Transcribe the listing exactly; drop the images.

COLLECTED MATERIAL:

========================

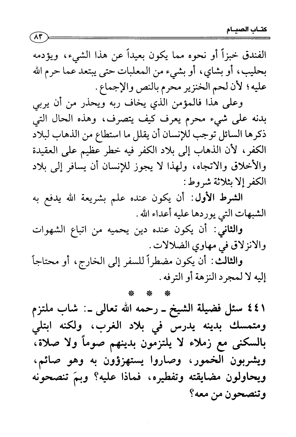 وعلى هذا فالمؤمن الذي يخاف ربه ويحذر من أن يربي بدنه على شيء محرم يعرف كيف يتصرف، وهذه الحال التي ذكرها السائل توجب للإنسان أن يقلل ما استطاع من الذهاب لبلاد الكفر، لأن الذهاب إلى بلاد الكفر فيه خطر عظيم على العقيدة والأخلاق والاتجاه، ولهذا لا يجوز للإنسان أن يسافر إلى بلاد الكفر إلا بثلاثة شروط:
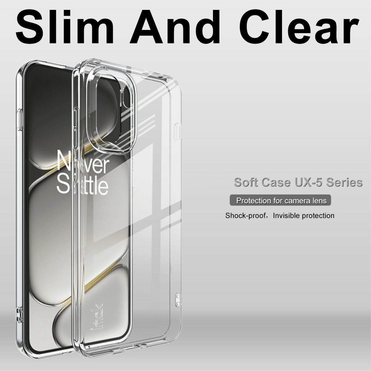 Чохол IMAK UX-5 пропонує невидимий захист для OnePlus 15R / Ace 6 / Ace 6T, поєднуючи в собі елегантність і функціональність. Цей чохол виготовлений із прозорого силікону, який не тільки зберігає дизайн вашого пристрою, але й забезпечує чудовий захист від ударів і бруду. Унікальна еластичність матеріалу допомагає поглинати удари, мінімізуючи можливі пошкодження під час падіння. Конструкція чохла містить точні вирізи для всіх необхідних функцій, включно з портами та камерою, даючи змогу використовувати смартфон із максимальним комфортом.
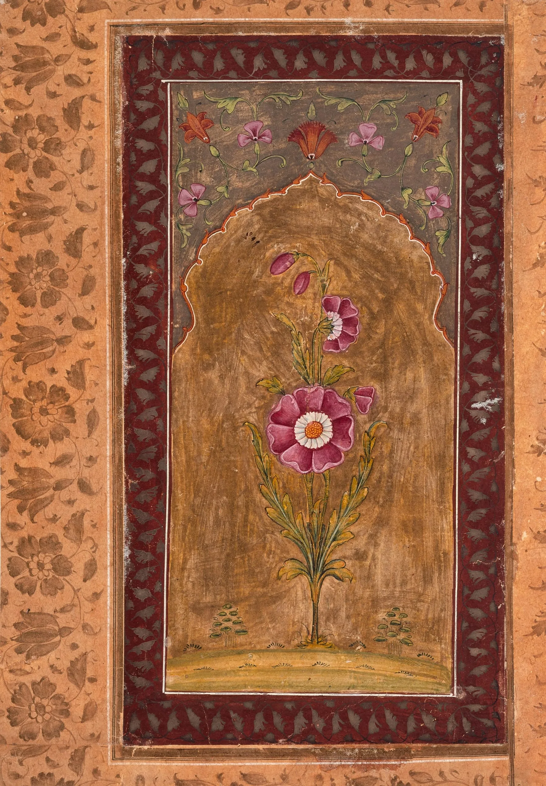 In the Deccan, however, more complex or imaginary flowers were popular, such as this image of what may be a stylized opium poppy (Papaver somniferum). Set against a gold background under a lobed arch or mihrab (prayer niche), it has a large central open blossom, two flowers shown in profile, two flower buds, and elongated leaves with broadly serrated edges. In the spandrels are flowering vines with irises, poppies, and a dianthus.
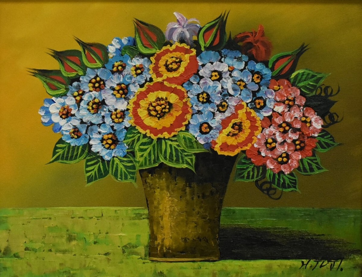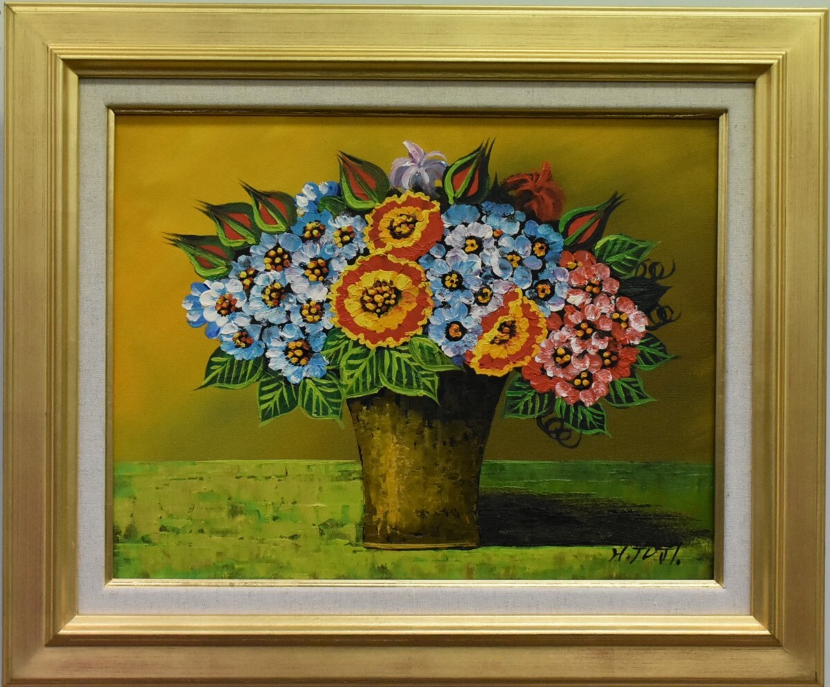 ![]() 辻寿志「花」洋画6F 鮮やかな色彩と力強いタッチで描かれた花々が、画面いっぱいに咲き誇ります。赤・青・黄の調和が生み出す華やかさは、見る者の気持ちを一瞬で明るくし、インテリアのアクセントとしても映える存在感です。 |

========================

WRITTEN SOLUTION:
 وعلى هذا فالمؤمن الذي يخاف ربه ويحذر من أن يربي بدنه على شيء محرم يعرف كيف يتصرف، وهذه الحال التي ذكرها السائل توجب للإنسان أن يقلل ما استطاع من الذهاب لبلاد الكفر، لأن الذهاب إلى بلاد الكفر فيه خطر عظيم على العقيدة والأخلاق والاتجاه، ولهذا لا يجوز للإنسان أن يسافر إلى بلاد الكفر إلا بثلاثة شروط:
 Чохол IMAK UX-5 пропонує невидимий захист для OnePlus 15R / Ace 6 / Ace 6T, поєднуючи в собі елегантність і функціональність. Цей чохол виготовлений із прозорого силікону, який не тільки зберігає дизайн вашого пристрою, але й забезпечує чудовий захист від ударів і бруду. Унікальна еластичність матеріалу допомагає поглинати удари, мінімізуючи можливі пошкодження під час падіння. Конструкція чохла містить точні вирізи для всіх необхідних функцій, включно з портами та камерою, даючи змогу використовувати смартфон із максимальним комфортом.
 In the Deccan, however, more complex or imaginary flowers were popular, such as this image of what may be a stylized opium poppy (Papaver somniferum). Set against a gold background under a lobed arch or mihrab (prayer niche), it has a large central open blossom, two flowers shown in profile, two flower buds, and elongated leaves with broadly serrated edges. In the spandrels are flowering vines with irises, poppies, and a dianthus.
 ![]() 辻寿志「花」洋画6F 鮮やかな色彩と力強いタッチで描かれた花々が、画面いっぱいに咲き誇ります。赤・青・黄の調和が生み出す華やかさは、見る者の気持ちを一瞬で明るくし、インテリアのアクセントとしても映える存在感です。 |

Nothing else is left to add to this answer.